My daughter was born in Hong Kong in 2007 and, wow, was that a big year for babies in Chinese culture. It was Year of the Golden Pig, and one of the most auspicious for giving birth. If your child was born in between February 18, 2007 and February 6, 2008, this might be some interesting trivia for you.
What Is Year Of The Golden Pig?
The Year of the Pig occurs every 12 years on the zodiac calendar. In the lead up to Year of the Golden Pig, Hong Kong media reported that it was an every 600 years occurrence. However, here in the U.S., it’s quoted as happening every 60 years.
In either case, if you are a believer in the Chinese zodiac and were thinking of having children around that time, you probably would have made extra sure the child was born during this time in 2007, if possible.
Keep in mind that back then in some mainland Chinese areas, people were only allowed one child (this law has since been repealed).
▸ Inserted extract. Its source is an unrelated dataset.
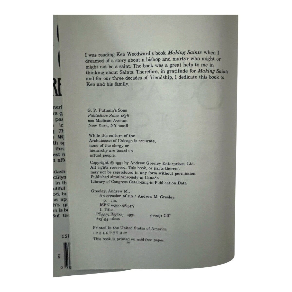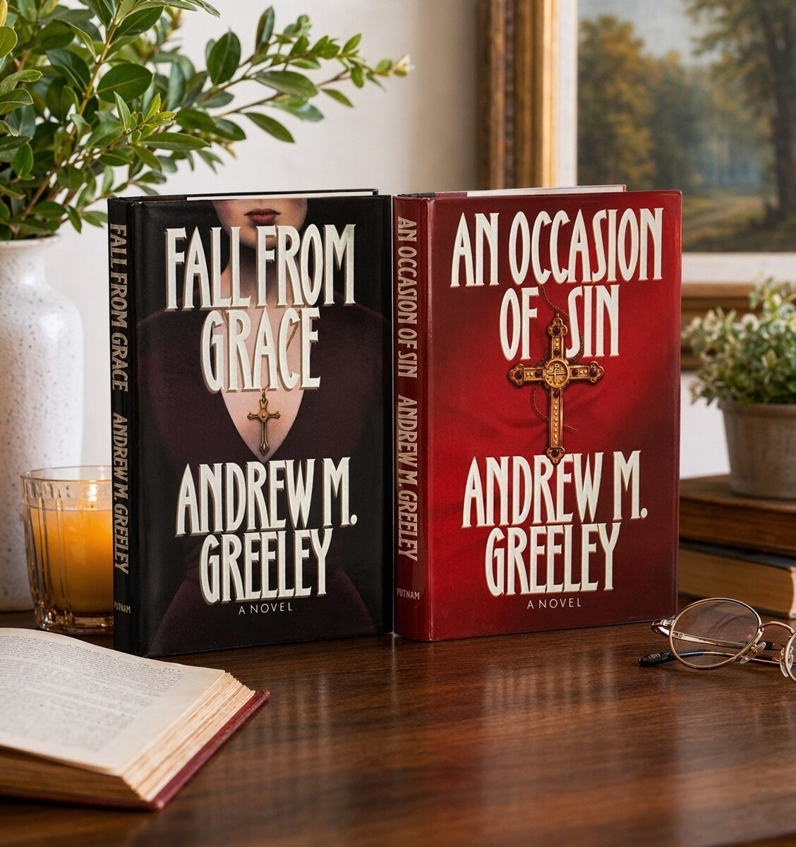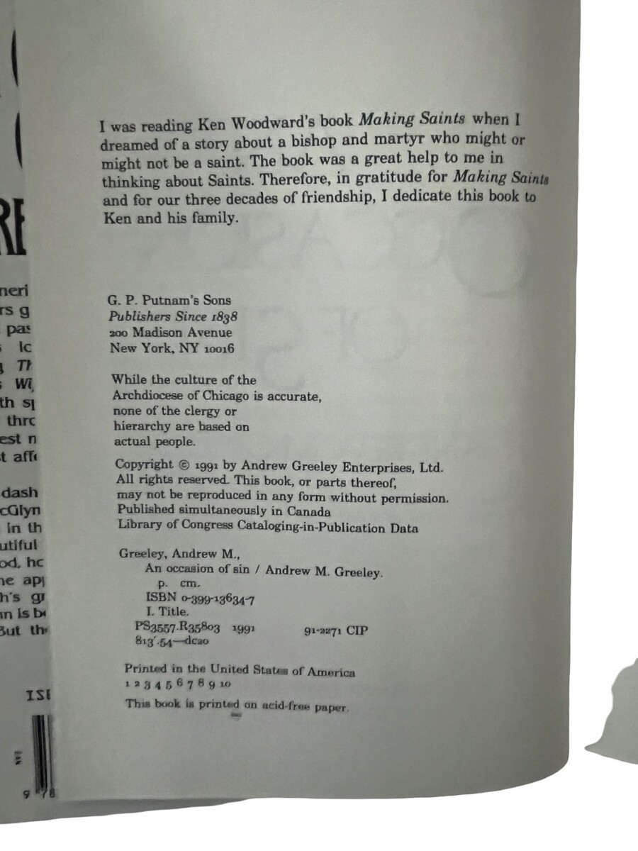 Set of two hardcover novels by Andrew M. Greeley: Fall From Grace and An Occasion of Sin. These mid-1990s era books feature dramatic cover art and explore themes of faith, morality, and human relationships. A great addition for collectors of religious fiction, vintage books, or fans of Greeley?s work.

If you were going to plan for that one child, wouldn’t you want he or she to be born in the most auspicious year?
Why It Is an Auspicious Year
A pig is jolly and fat, which is symbolic of wealth. You need money to eat and be happy, right? Chinese folklore has it that a child born in the Year of the Golden Pig will certainly experience a prosperous and healthy life. The child will also be honest and hardworking.
We did not plan to have my daughter in the Year of the Golden Pig. It was just “luck.”
Fear of a Baby Boom
This brought up all sorts of concerns in Hong Kong and China, such as a considerable portion of the workforce being out on maternity leave at the same time as well as overcrowding of hospitals. Mainland Chinese need a visa to enter Hong Kong, but some are permitted to give birth at private hospitals there.
(Having given birth in Hong Kong, I get why people in nearby countries would go to great lengths have babies there. My Hong Kong hospital was like a five-star hotel, and the care I received was far superior to anything I’ve ever experienced in California.)
The result? There were going to be even more people entering legally and illegally, both putting pressure on the Hong Kong health care system. Not only that, but plenty of Hong Kong residents postponed having a baby until Year of the Golden Pig, though not as many as those on the mainland.
Hospitals Required Reservations from Day One
While I was home in California for the holidays, I learned my OB-GYN in Hong Kong had forgotten to make a reservation for me at my hospital of choice. I thought she had done this on day one, but all was revealed while I was in the U.S. and helpless to do much about it. Panic is an understatement.
In the Year of the Golden Pig, there was no way you could go into labor and expect to be accepted into your hospital of choice as is the norm in many other countries around the world. No way.
You needed to book your hospital the second your pregnancy was confirmed by a doctor, which luckily could be nearly immediately after you felt pregnant (one month in my case). Even then, your first choice was not guaranteed because there were so many people giving birth.
What Actually Happened
The hospitals in Hong Kong were indeed overflowing. There were reports of women giving birth in the hallways of the public hospitals because there were no beds available and had to accept everyone giving birth.
In the end, I switched doctors to the most high powered OB-GYN at my hospital of choice, and I got into the Matilda. It was the most amazing experience ever.
It Was a Good Year for All
Needless to say, 2007 was a great year for anyone in the baby business. I even read a Reuters article that talks about lagging condom sales in the months before the Year of the Golden Pig!
In the end, there indeed were a lot of babies born in Asia in the Year of the Golden Pig. I don’t think it caused quite the strain on China that some were expecting. But, future concerns, like overcrowding of schools, remain to be seen.
Do you have a Golden Pig baby? If so, hopefully, they can spoil YOU in your golden years.